Written by: 0xbread, TechFlow
Finding protocols with 10x/50x/100x potential isn't easy—especially in a bear market where low market cap doesn't guarantee survival into the next bull cycle.
Yet this hasn't stopped hot narratives from emerging. RabbitX, currently the most talked-about perpetual exchange, is about to arrive on StarkNet.

Now, let's start from the beginning and understand the RabbitX protocol.
RabbitX is a permissionless perpetual exchange built on Starknet. With RabbitX, you can trade using an order book and access up to 20x leverage.
Built using low-latency ZK-STARK technology, RabbitX offers users extremely fast confirmation speeds, zero gas fees, and full security inheritance from Ethereum L1.
Combined with these three advantages and 24/7 access to cryptocurrency markets, RabbitX is truly a DeFi product. Instant experience, high security, and zero gas fees make it highly appealing to users—and more accessible even to blockchain newcomers.

RabbitX’s Vision
DeFi user experience and technology still need improvement—DeFi trading remains slow and expensive: if it's fast, it sacrifices stability like Solana does.
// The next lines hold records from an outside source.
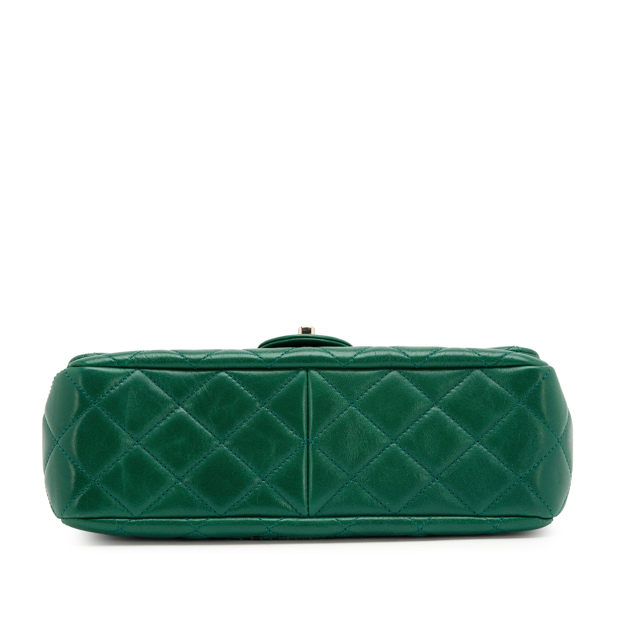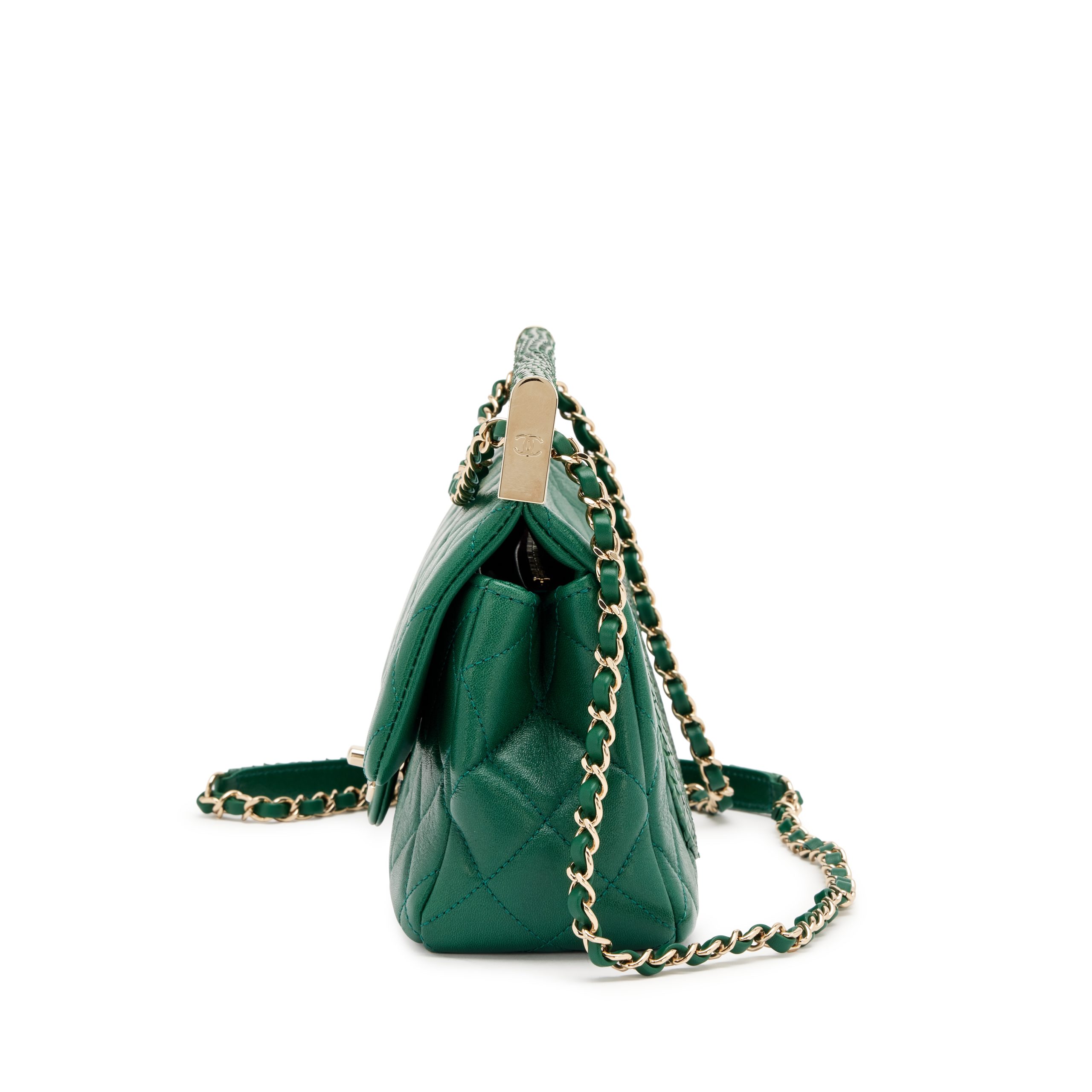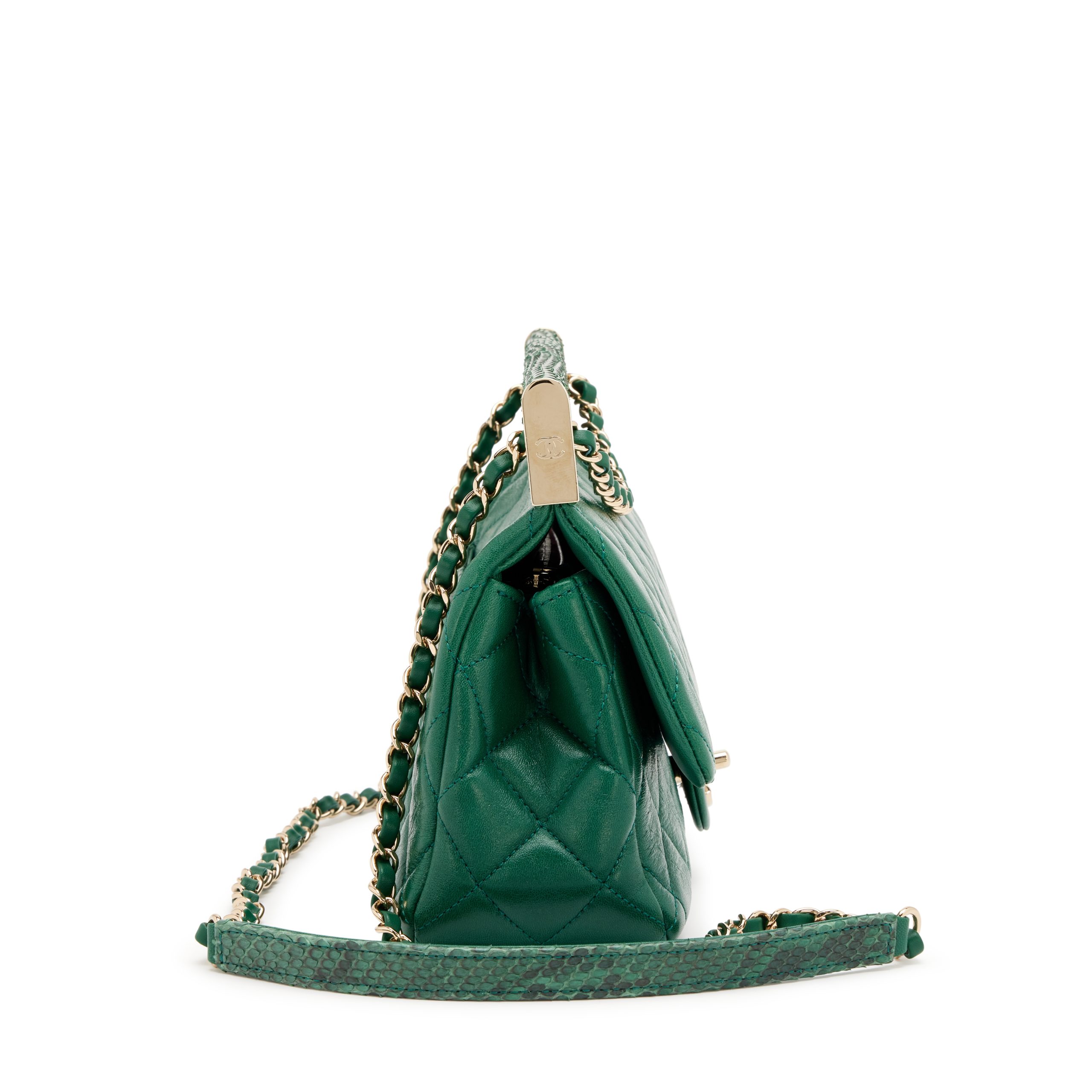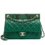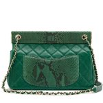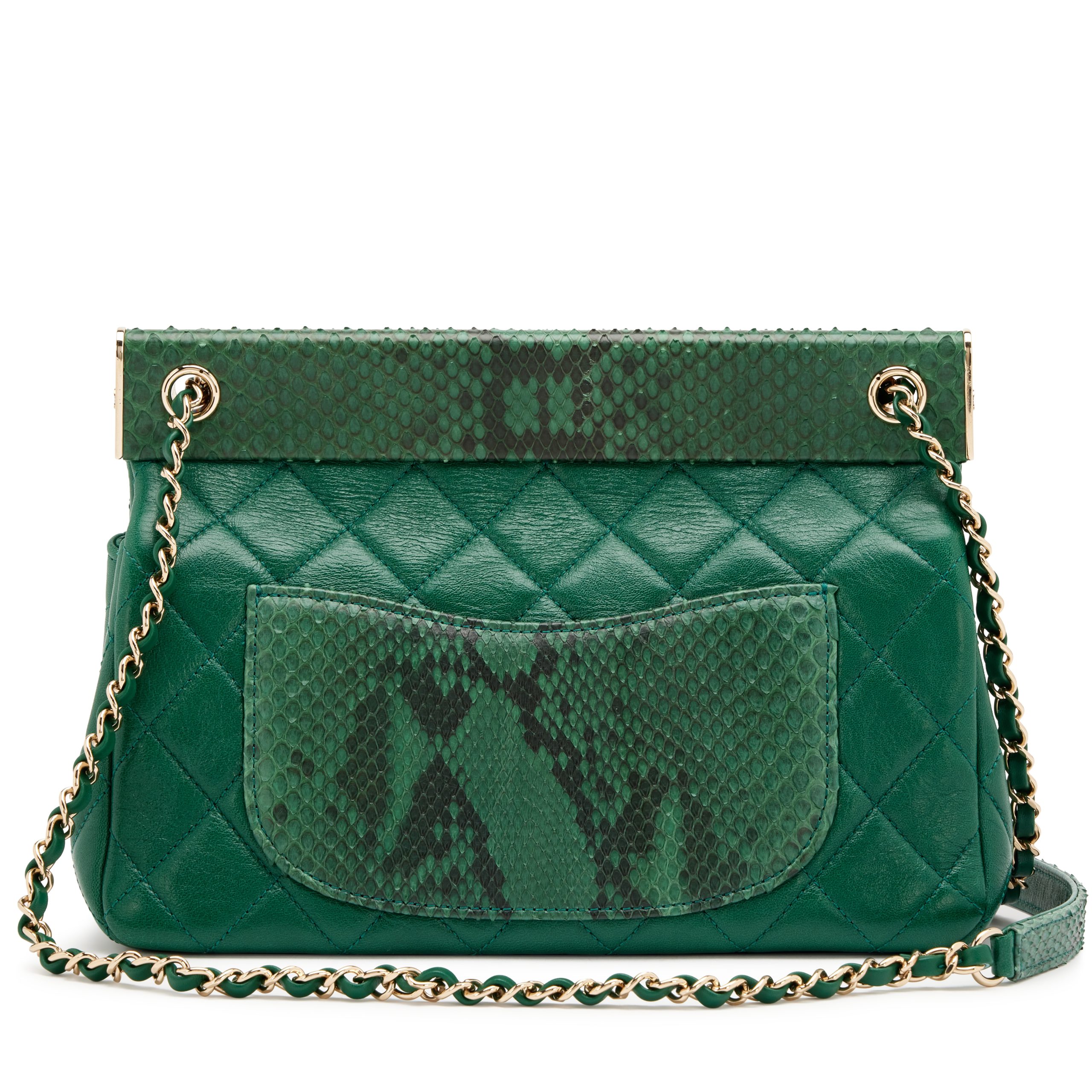 Green Lambskin and Snakeskin Quilted Frame Flap Bag Gold Hardware, 2018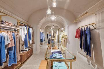 Sofisticati arredi in legno, elementi decorativi in ottone e lampadari in vetro completano l’ambiente, creando una raffinata cornice per le collezioni uomo e donna Jacob Cohën.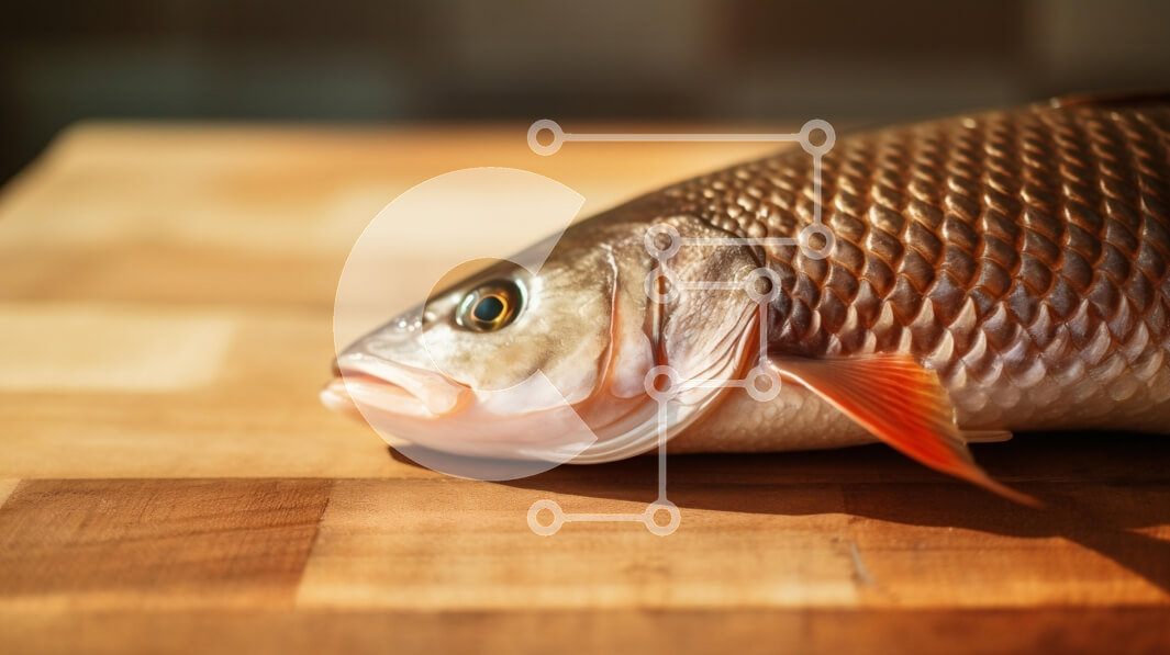 Intra Συλλεκτικό Ξύλινο Παζλ Plywood 4mm - Φρέσκα ψάρια σε μια ξύλινη σανίδα κοπής Σε Ξύλινο Κουτί - Διαστάσεις: 10x10 cm – 25 κομμάτια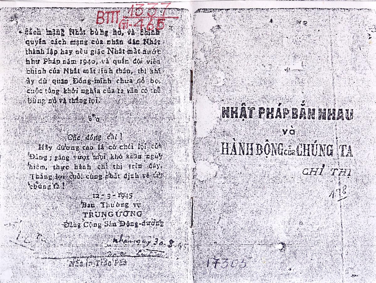 Ngày 12/3/1945 Ban Thường vụ Trung ương Đảng ra Chỉ thị "Nhật - Pháp bắn nhau và hành động của chúng ta". Chỉ thị này là kim chỉ nam cho mọi hành động của Đảng, của mặt trận Việt Minh, của các lực lượng vũ trang cách mạng từ tháng 3 đến tháng 8/1945.

The RabbitX team believes DeFi shouldn’t require such trade-offs—speed and security are equally important.
The team aims to build a solution that accelerates the DeFi revolution—preserving DeFi’s permissionless, open-access nature while delivering speed and security comparable to traditional finance. That’s how RabbitX was born.
RabbitX changes people’s relationship with financial markets by providing financial freedom and accessibility to everyone seeking financial independence.
True to DeFi’s mission, RabbitX provides open access to global financial markets for everyone. Now, it’s time to dive down the rabbit hole.
Liquidations
Since it's a perpetual exchange, liquidation is an unavoidable topic. Let’s take a look at the solution RabbitX offers.
RabbitX’s risk management engine is based on rigorous research and testing, designed to ensure fair and orderly liquidations. RabbitX’s cutting-edge risk model protects both traders and the exchange.
RabbitX’s margin requirements are: liquidation margin—2%, maintenance margin—3%.
Based on these figures, RabbitX has established a 3-step waterfall structure to manage liquidations:
Waterfall 1:
When an account’s equity falls below the maintenance margin requirement, it undergoes partial liquidation until the account’s equity rises back above the maintenance margin level.
During liquidation, users cannot place new orders, cancel existing orders, or withdraw funds. Once the account’s net value recovers above the maintenance margin threshold, it exits liquidation status.
Waterfall 2:
If an account’s equity drops below the liquidation margin, the position will be forcibly closed at zero price (setting the account equity to zero).
If RabbitX can liquidate the position at a price better than zero, the surplus goes into the insurance fund. If RabbitX cannot liquidate the position at a price better than zero, the loss is covered by the insurance fund.
Waterfall 3:
If the RabbitX insurance fund balance drops below zero, opposite positions will be automatically reduced at the insurance fund’s zero-price point. Auto-deleveraging only occurs as the final step when the insurance fund’s net value is negative.
RabbitX takes all possible measures to avoid auto-deleveraging, including implementing algorithms to minimize its impact.
Insurance Fund
RabbitX uses an insurance fund to prevent auto-deleveraging of trader positions. This fund acts as a buffer for liquidation orders before the auto-deleveraging system takes over.
As previously mentioned, if a position is liquidated at a price better than zero, the fund grows; if liquidated at a worse price, the fund is depleted.
Fees and Rates
RabbitX’s fee structure has unique features. Trading fees vary by tier, ranked according to 30-day trading volume. RabbitX classifies traders from Shrimp to Whale, but Makers receive 0 fees regardless of tier.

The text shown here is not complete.